As for citing so many of the papers in his own journal, Mr. DeLisi says this was a way of further recognizing the authors, not pumping up the stats.
Mr. DeLisi notes that Eric Baumer, the editor of the Criminologist newsletter, is also a co-editor of the journal Criminology, which was knocked down a peg by the rise of the Journal of Criminal Justice. “There are all kinds of interesting conflicts of interest,” Mr. DeLisi says. He is now working on a written response to Mr. Baker’s piece.
What this will mean for the journal’s reputation is unclear. If Thomson Reuters decided the journal was, in fact, gaming its impact factor, it could be banned from the rankings. (A call to Thomson Reuters went unreturned.)
One well-known scholar, Bob Bursik, a professor of criminology and criminal justice at the University of Missouri at St. Louis, thinks the damage has already been done. “Intentional or not, in my mind, there is no question that the meteoric rise in the ranking of JCJ was due mostly to highly questionable editorial decisions,” he writes in an email. Those decisions, he says, render the impact-factor ranking “misleading and meaningless.”
Skirmishes like this are not uncommon in the curious little world of academic research. What’s a bit unusual here is that Mr. Baker actually made the effort to crunch the numbers and figure out what was going on. At first he wasn’t so sure he wanted to disseminate what he had uncovered. He is, as he says, “very untenured,” and getting a reputation as a rabble-rouser might not be the best move. Some senior professors advised him against going forward. “I guess I’m strong-headed that way,” he says.

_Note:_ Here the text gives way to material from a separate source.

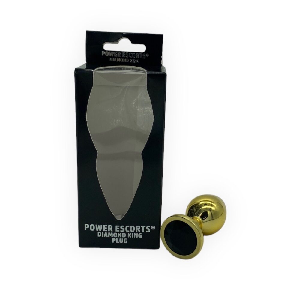 Power Escorts - BR211M - Diamond King Medium - Butt Plug - Gold with Black Stone
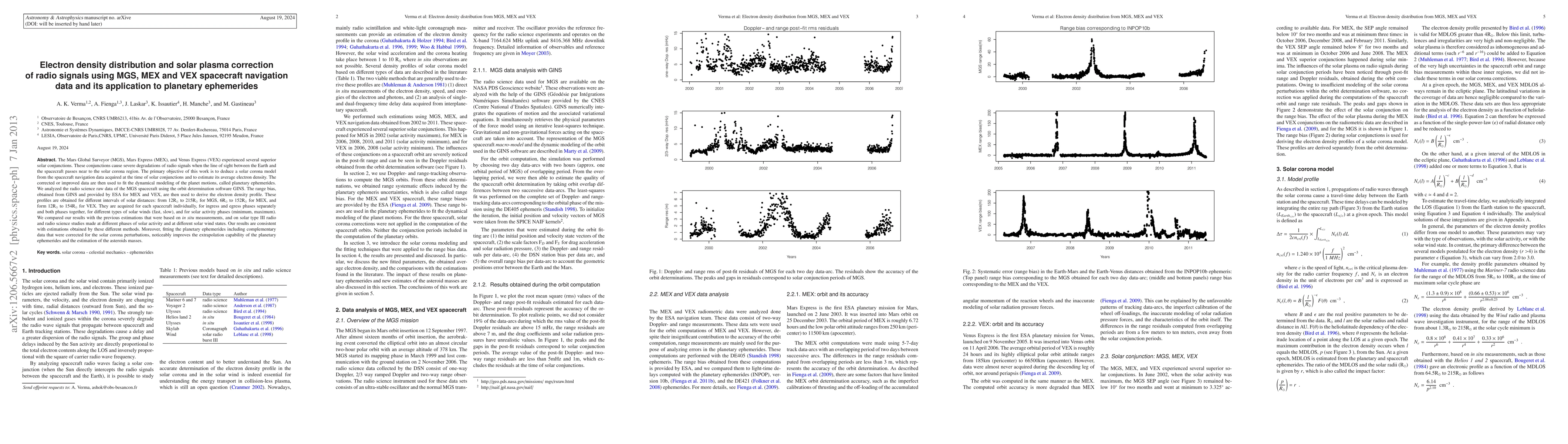 Researchers used spacecraft navigation data to correct radio signals affected by solar corona regions, improving planetary ephemerides accuracy and asteroid mass estimates.

There’s a philosophical angle here, too. As editor, Mr. DeLisi has shifted the focus of the Journal of Criminal Justice from a more traditional approach to one that emphasizes biosocial factors — that is, looking at the environmental and biological influences that affect criminal behavior. There’s a divide in the field between those for and against a biosocial view.
But Mr. Baker is all for biosocial theory. He praises the journal’s change in focus and its tendency to publish pieces that would have trouble finding a home elsewhere. Several years ago, under Mr. DeLisi’s editorship, Mr. Baker even published an article in the Journal of Criminal Justice. “That’s the article of mine with the most citations,” he says. “Of course, some of those cites are from DeLisi.”